Your assignment =
The copy should begin at the line containing "Matt Majestic Gold: matt" and end with the last line below, every line exact and no picture included.

[Source records]
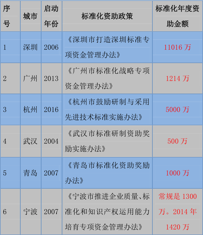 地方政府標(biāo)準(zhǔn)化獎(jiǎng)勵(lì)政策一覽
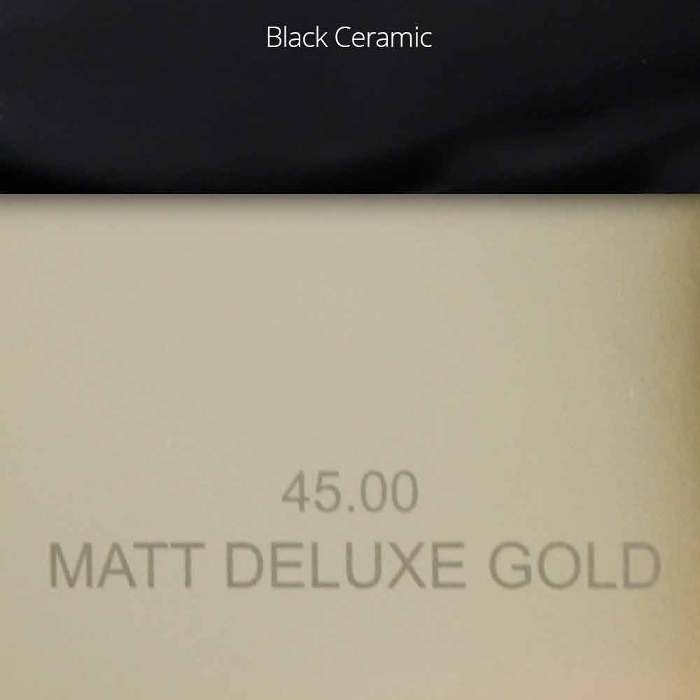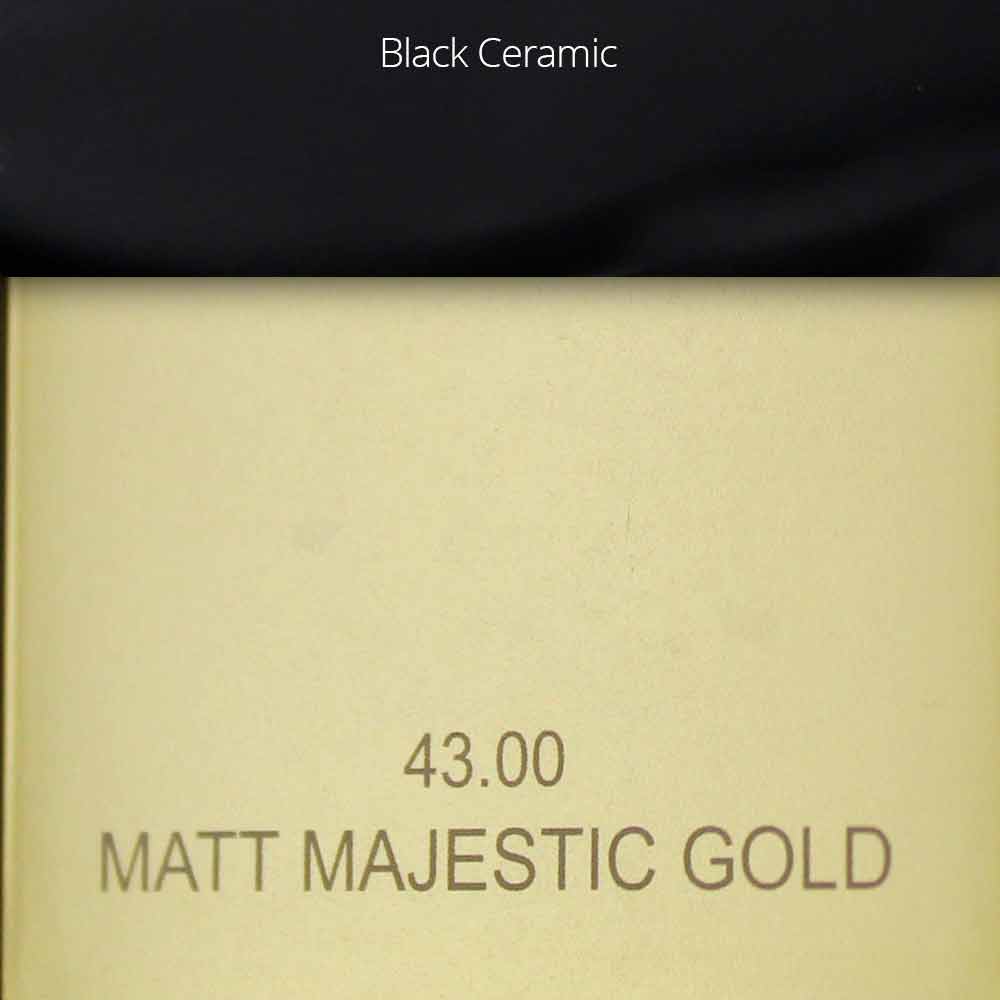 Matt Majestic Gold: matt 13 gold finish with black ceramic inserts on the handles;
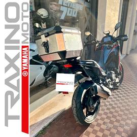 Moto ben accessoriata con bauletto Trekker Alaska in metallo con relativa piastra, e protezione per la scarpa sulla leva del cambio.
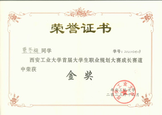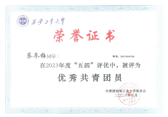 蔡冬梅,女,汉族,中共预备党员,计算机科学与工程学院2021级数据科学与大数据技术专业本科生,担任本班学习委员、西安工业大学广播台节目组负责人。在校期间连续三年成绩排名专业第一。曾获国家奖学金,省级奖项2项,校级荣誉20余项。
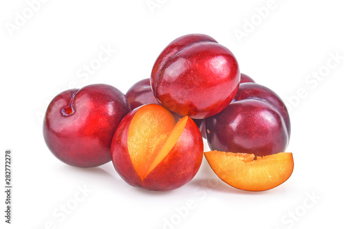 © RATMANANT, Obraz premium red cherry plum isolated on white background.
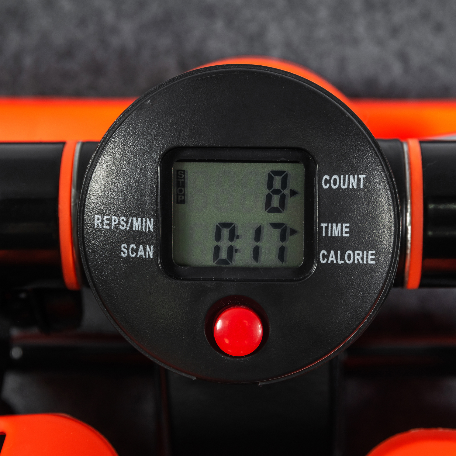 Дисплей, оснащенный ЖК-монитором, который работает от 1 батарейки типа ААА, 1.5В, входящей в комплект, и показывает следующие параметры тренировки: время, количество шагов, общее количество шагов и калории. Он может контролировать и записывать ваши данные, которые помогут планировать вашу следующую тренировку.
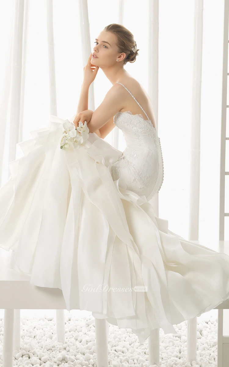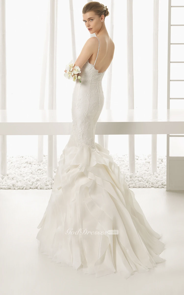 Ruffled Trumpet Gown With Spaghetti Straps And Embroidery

Task answer =
 Matt Majestic Gold: matt 13 gold finish with black ceramic inserts on the handles;
 Moto ben accessoriata con bauletto Trekker Alaska in metallo con relativa piastra, e protezione per la scarpa sulla leva del cambio.
 蔡冬梅,女,汉族,中共预备党员,计算机科学与工程学院2021级数据科学与大数据技术专业本科生,担任本班学习委员、西安工业大学广播台节目组负责人。在校期间连续三年成绩排名专业第一。曾获国家奖学金,省级奖项2项,校级荣誉20余项。
 © RATMANANT, Obraz premium red cherry plum isolated on white background.
 Дисплей, оснащенный ЖК-монитором, который работает от 1 батарейки типа ААА, 1.5В, входящей в комплект, и показывает следующие параметры тренировки: время, количество шагов, общее количество шагов и калории. Он может контролировать и записывать ваши данные, которые помогут планировать вашу следующую тренировку.
 Ruffled Trumpet Gown With Spaghetti Straps And Embroidery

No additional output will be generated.